У каждого многоборца есть свои сильные, ударные виды. У меня их было два: школьная самодеятельность и английский язык. И обе связаны с одним и тем же учителем. Звали его от Таптыкова наоборот: не Дмитрий Николаевич, а Николай Дмитриевич, зато фамилия его через десяток лет после окончания нами школы стала неприлично знаменитой, хотя мы этого, слава богу, не застали, а потому фамилия Чубурашкин не казалась нам чем-то особенно смешной. Ну Чебурашкин и Чебурашкин, ни у кого не вызывавший желания спросить, как здоровье крокодила Гены.
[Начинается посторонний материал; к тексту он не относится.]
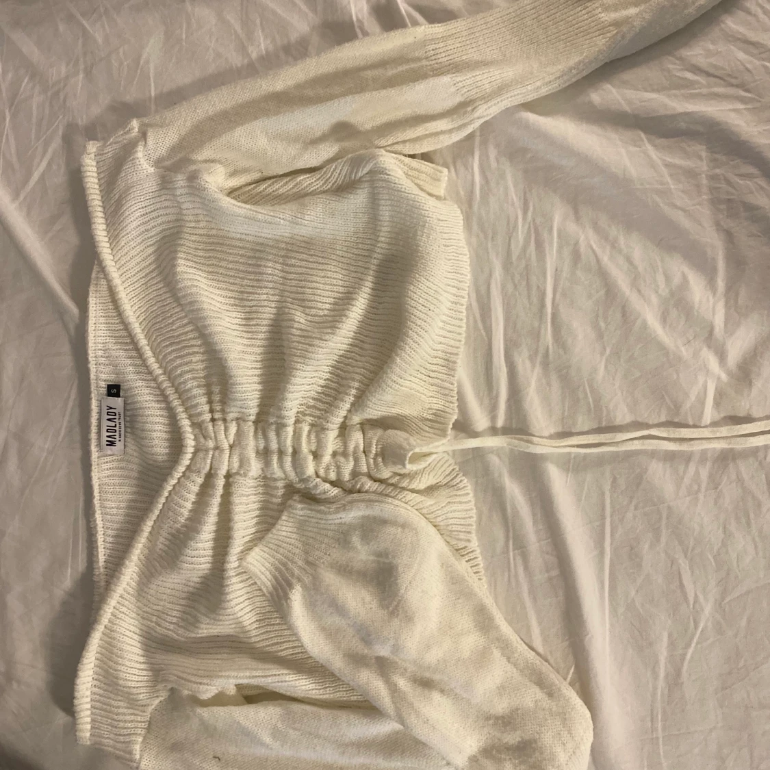 Stickad tröja från Madlady som är justerbar i fram med banden. Relativt stor i storleken

Ему и без этого досталось: был он стремителен, но хром, причем тяжело, заметно; изощрен, но не изыскан: английский знал прекрасно, но говорил на нем с русским прононсом; ставил с нами отрывки из классики, но когда дело дошло до самостоятельного творчества, не нашел ничего лучше, как перевести на английский сцены из книги партизана Федорова «Подпольный обком действует», и весь наш школьный партизанский отряд, и даже поганые немцы зачем-то заговорили по-английски. Видимо, фамилия ему настолько не шла, что даже прозвища ему школа не придумала. Человек был истовый, если что ему втемяшилось в голову — все, не вырубишь топором, и потому воевали мы постоянно, на обоих фронтах, которыми он командовал.
Войну со мной за меня на уроках английского Чебурашкин начал не сразу. Я к нему в группу попал после того, как меня за то, что не участвую в строительстве коммунизма (о чем я уже рассказывал), перевели из класса «А» в седьмой «Б». Первый год он ко мне присматривался, а на второй взялся за исправление замеченных недостатков.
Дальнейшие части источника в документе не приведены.